* [WORK INSTRUCTION]:
Return every record below exactly; leave out the images.

* [RECORDS SHOWN]:
------------------------------------------------------------------------

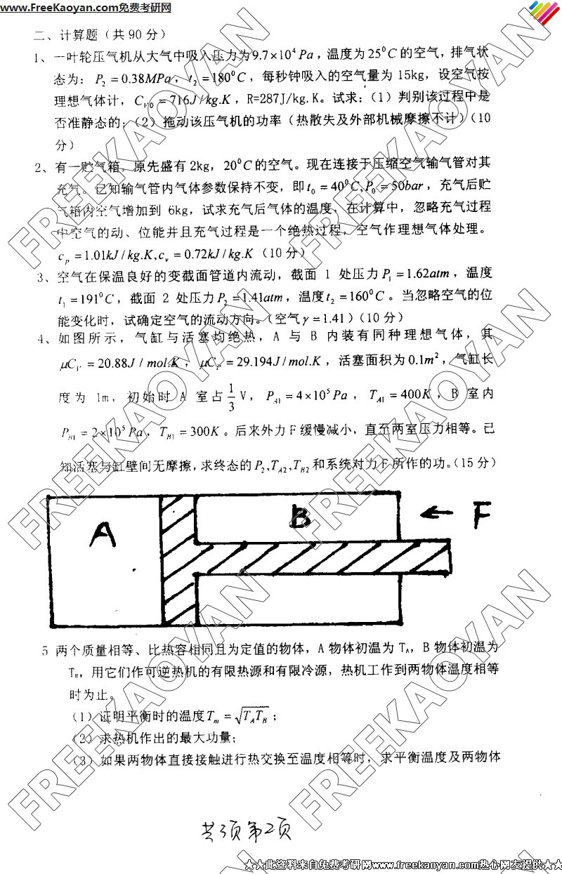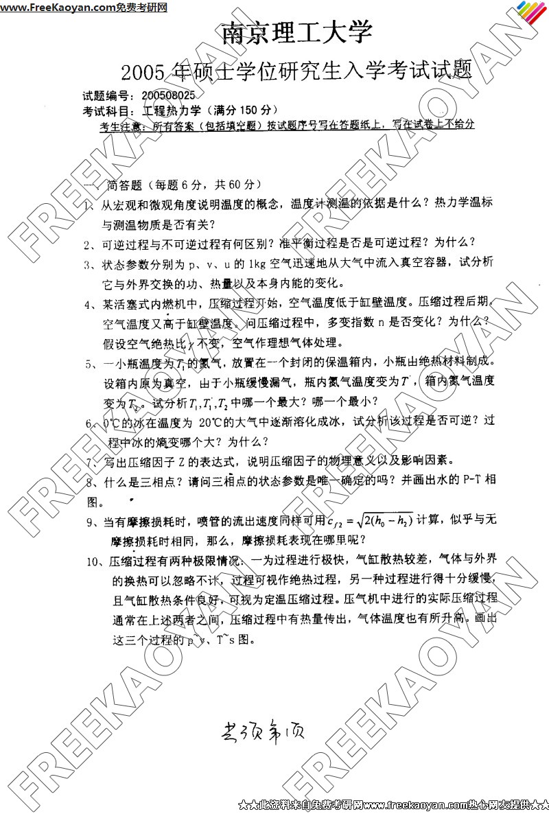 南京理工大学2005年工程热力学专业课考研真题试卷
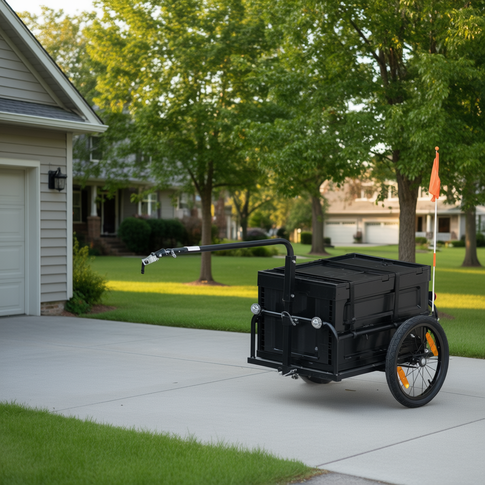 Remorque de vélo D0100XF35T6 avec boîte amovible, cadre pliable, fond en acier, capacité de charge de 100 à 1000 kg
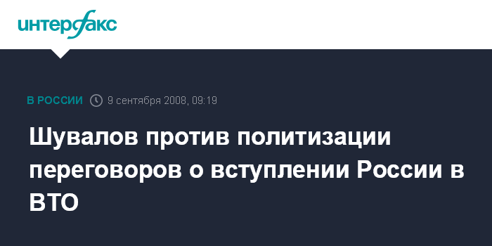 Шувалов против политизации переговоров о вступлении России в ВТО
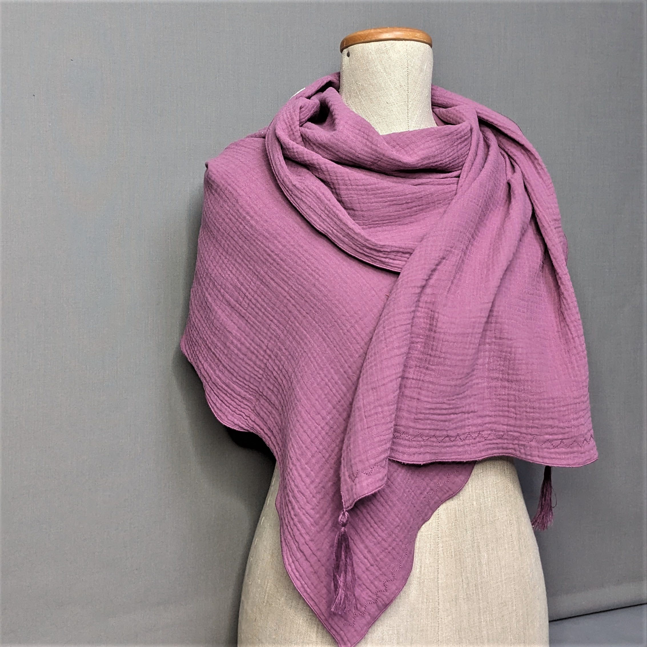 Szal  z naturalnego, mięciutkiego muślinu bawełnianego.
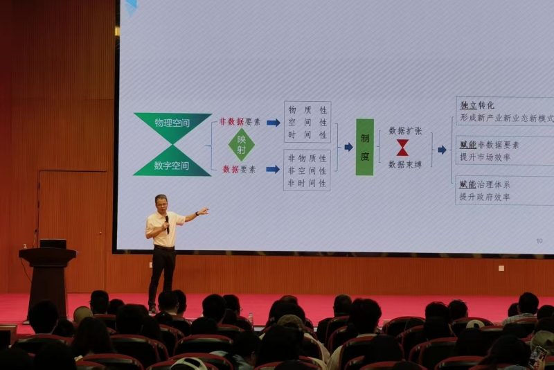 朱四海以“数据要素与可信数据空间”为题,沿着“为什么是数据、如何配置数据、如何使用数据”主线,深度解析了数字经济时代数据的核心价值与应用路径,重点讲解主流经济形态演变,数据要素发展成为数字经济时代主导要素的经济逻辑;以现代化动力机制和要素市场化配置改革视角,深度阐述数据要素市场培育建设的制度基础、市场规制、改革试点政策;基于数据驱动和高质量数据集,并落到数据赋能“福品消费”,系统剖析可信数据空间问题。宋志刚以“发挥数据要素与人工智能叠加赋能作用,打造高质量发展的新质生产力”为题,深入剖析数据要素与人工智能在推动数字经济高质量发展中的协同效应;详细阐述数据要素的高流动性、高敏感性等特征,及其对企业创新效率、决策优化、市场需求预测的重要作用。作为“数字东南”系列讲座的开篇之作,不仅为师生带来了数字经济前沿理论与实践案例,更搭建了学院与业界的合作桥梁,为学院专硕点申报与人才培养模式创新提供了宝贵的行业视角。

------------------------------------------------------------------------

* [TASK RESPONSE]:
 南京理工大学2005年工程热力学专业课考研真题试卷
 Remorque de vélo D0100XF35T6 avec boîte amovible, cadre pliable, fond en acier, capacité de charge de 100 à 1000 kg
 Шувалов против политизации переговоров о вступлении России в ВТО
 Szal  z naturalnego, mięciutkiego muślinu bawełnianego.
 朱四海以“数据要素与可信数据空间”为题,沿着“为什么是数据、如何配置数据、如何使用数据”主线,深度解析了数字经济时代数据的核心价值与应用路径,重点讲解主流经济形态演变,数据要素发展成为数字经济时代主导要素的经济逻辑;以现代化动力机制和要素市场化配置改革视角,深度阐述数据要素市场培育建设的制度基础、市场规制、改革试点政策;基于数据驱动和高质量数据集,并落到数据赋能“福品消费”,系统剖析可信数据空间问题。宋志刚以“发挥数据要素与人工智能叠加赋能作用,打造高质量发展的新质生产力”为题,深入剖析数据要素与人工智能在推动数字经济高质量发展中的协同效应;详细阐述数据要素的高流动性、高敏感性等特征,及其对企业创新效率、决策优化、市场需求预测的重要作用。作为“数字东南”系列讲座的开篇之作,不仅为师生带来了数字经济前沿理论与实践案例,更搭建了学院与业界的合作桥梁,为学院专硕点申报与人才培养模式创新提供了宝贵的行业视角。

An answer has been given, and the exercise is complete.